Die meisten Sterne sind Single
von Stefan
Deiters
astronews.com
1. Februar 2006
Für nahezu jeden Astronomen war eines klar: Die überwiegende Zahl der Sterne
befindet sich in Doppel- oder Mehrfachsystemen.
Jetzt hat Charles Lada dieses "Allgemeinwissen" einmal überprüft und
festgestellt, dass die meisten Sterne in Wirklichkeit "Single" sind. Da Planeten
leichter um Einzelsterne entstehen können, ist dies auch für Planetenjäger eine
wichtige Erkenntnis.
So stellt sich ein Künstler einen eisigen
Planeten um einen roten Zwergstern vor. Bild: ESO |
Schon seit längerem wissen Astronomen, dass massereiche, helle Sterne und
sogar Sterne wie unsere Sonne sehr häufig in Doppel- oder Mehrfachsystemen
auftreten. Dies führte zur
allgemein verbreiteten Ansicht, dass sich die meisten Sterne im Universum in
solchen Mehrfachsystemen befinden müssten.

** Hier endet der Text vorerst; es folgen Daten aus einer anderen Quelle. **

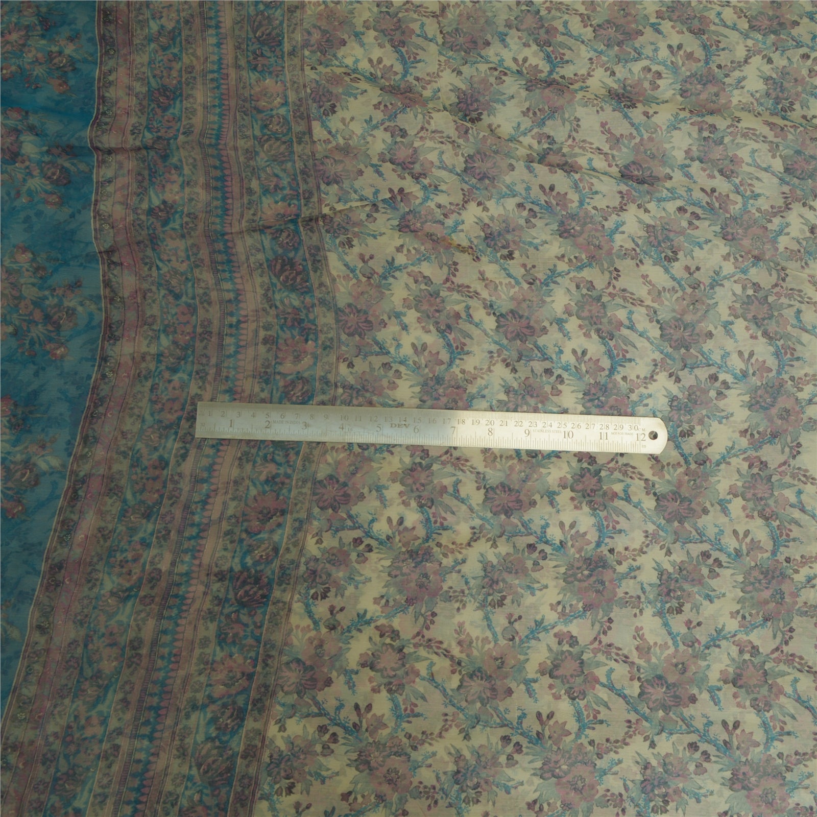 THE ITEM COLOR OR SHADE MAY BE DARKER OR LIGHTER THAN THE PICTURE.' Beautiful ivory & blue colored pure chiffon silk printed saree. Pallu & Border has printed floral design. Similar design in center part of saree. Saree has mild stain on it. What is special about this saree? Brilliant design on soft Sustainable Fabric is really enhancing the beauty of the saree. This unique vintage saree can be used for various crafting ideas even if you don't want to use it as a sari. Design a dress, use it as a as window dressing, upholstery, sarongs, throw, dress making and table linen much more. Let your creative juices flow and use this decorated Sustainable Fabric in multiple fashion. International buyers please note: Import duties, taxes, and charges are not included in the item price or postage cost. These charges are the buyer's responsibility. Please check with your country's customs office to determine what these additional costs will be prior to bidding or buying.Buyer will pay custom duty/tax. It is calculated and charged differently by every country. As a seller I do not have any control over it. VAT or sales tax is calculated by the platform at the time of checkout. Customs charge is payable at the time of delivery.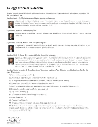 La scheda “La legge divina della decima” può approfondire la comprensione degli studenti delle benedizioni che il Signore ci dà se obbediamo alla Sua legge. Potresti dividere la classe in piccoli gruppi e fornire a ciascun gruppo una copia della scheda. Gli studenti possono leggere a turno le citazioni ad alta voce. Dopo aver letto ogni citazione, possono aggiungere altre benedizioni al grafico nel loro diario di studio.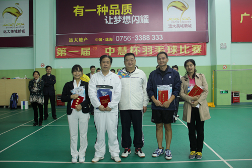 2013 年11 月26 日晚,2013“中慧杯”羽毛球赛珠海赛区在远大美域羽毛球馆拉开帷幕。比赛设男单、男双、女单、混双四个项目,混双、男双采用一局30 分单淘赛制,男单、女单采用小组循环方式,比赛既精彩又激烈。赛前所有选手精力充沛,信心十足,响应“我参与,我快乐”的口号,展现出良好的精神风貌。
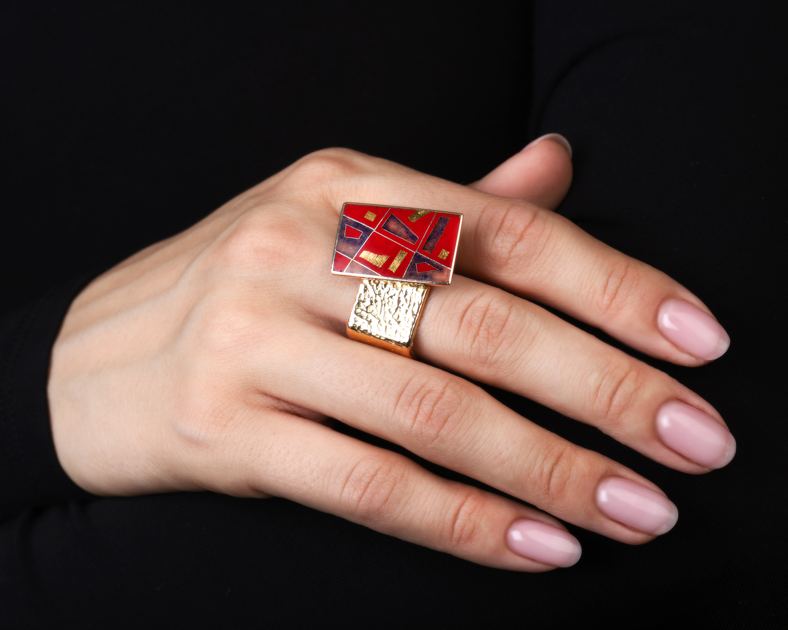 Оригинальное золотое кольцо с эмалью German Kabirski 100823/2

Neuere Studien jedoch zeigen, dass
dies eine unzulässige Verallgemeinerung war: Massearme Sterne nämlich scheinen
meistens Einzelsterne zu sein und sind erheblich häufiger im All
anzutreffen als ihre massereicheren Brüder.
Charles Lada vom
Harvard-Smithsonian Center for Astrophysics hat nun einmal genauer
nachgerechnet und ist zu dem Ergebnis gekommen, dass die meisten Sterne in
unserer Milchstraße einzelne rote Zwerge sind. "Wenn man die Teile des Puzzles
zusammenfügt, entsteht ein Bild, das sich um 180 Grad von dem unterscheidet, was
die Astronomen bisher angenommen haben", so Lada.
Unter sehr massereichen Sternen, so genannten O- und B-Sternen, sind etwa 80
Prozent in Doppel- oder Mehrfachsystemen zu finden. Diese Sterne sind sehr hell,
aber auch relativ selten. Unter Sternen, die etwa die Masse unserer Sonne haben,
sind etwas mehr als die Hälfte in Mehrfach-Systemen anzutreffen. Bei den roten
Zwergen allerdings sind es nur rund 25 Prozent. Berücksichtigt man nun die
Tatsache, dass etwa 85 Prozent aller Sterne in der Milchstraße rote Zwerge sind,
fällt der Schluss nicht schwer, dass es sich bei mindestens zwei Dritteln aller
Sterne um einzelne rote Zwerge handelt.
Diese große Häufigkeit von Einzelsternen deutet darauf hin, dass
Sternentstehungs-Szenarien, bei denen ein einzelner Stern entsteht, deutlich
wichtiger sein könnten als Modelle, bei denen hauptsächlich Mehrfach-Systeme
entstehen. "Sicherlich ist es möglich, dass Doppelstern-Systeme durch enge
Begegnungen mit einem anderen Stern aufgelöst werden", erläutert Frank Shu von
der National Tsing Hua University in Taiwan, "doch kann man die Ergebnisse von
Lada nicht erklären, wenn man annimmt, dass alle Sterne in Mehrfachsystemen geboren
werden."
Die Ergebnisse sind auch für Planetenjäger interessant: Da Planetenentstehung
in Doppel- oder Mehrfachsystemen recht schwierig ist, bedeutet ein hoher Anteil
von Einzelsternen, dass Planetensysteme deutlich häufiger sein dürften als
bislang angenommen. Der unlängst mit der Gravitationslinsen-Methode entdeckte
Planet (astronews.com berichtete) umkreist beispielsweise einen roten Zwerg.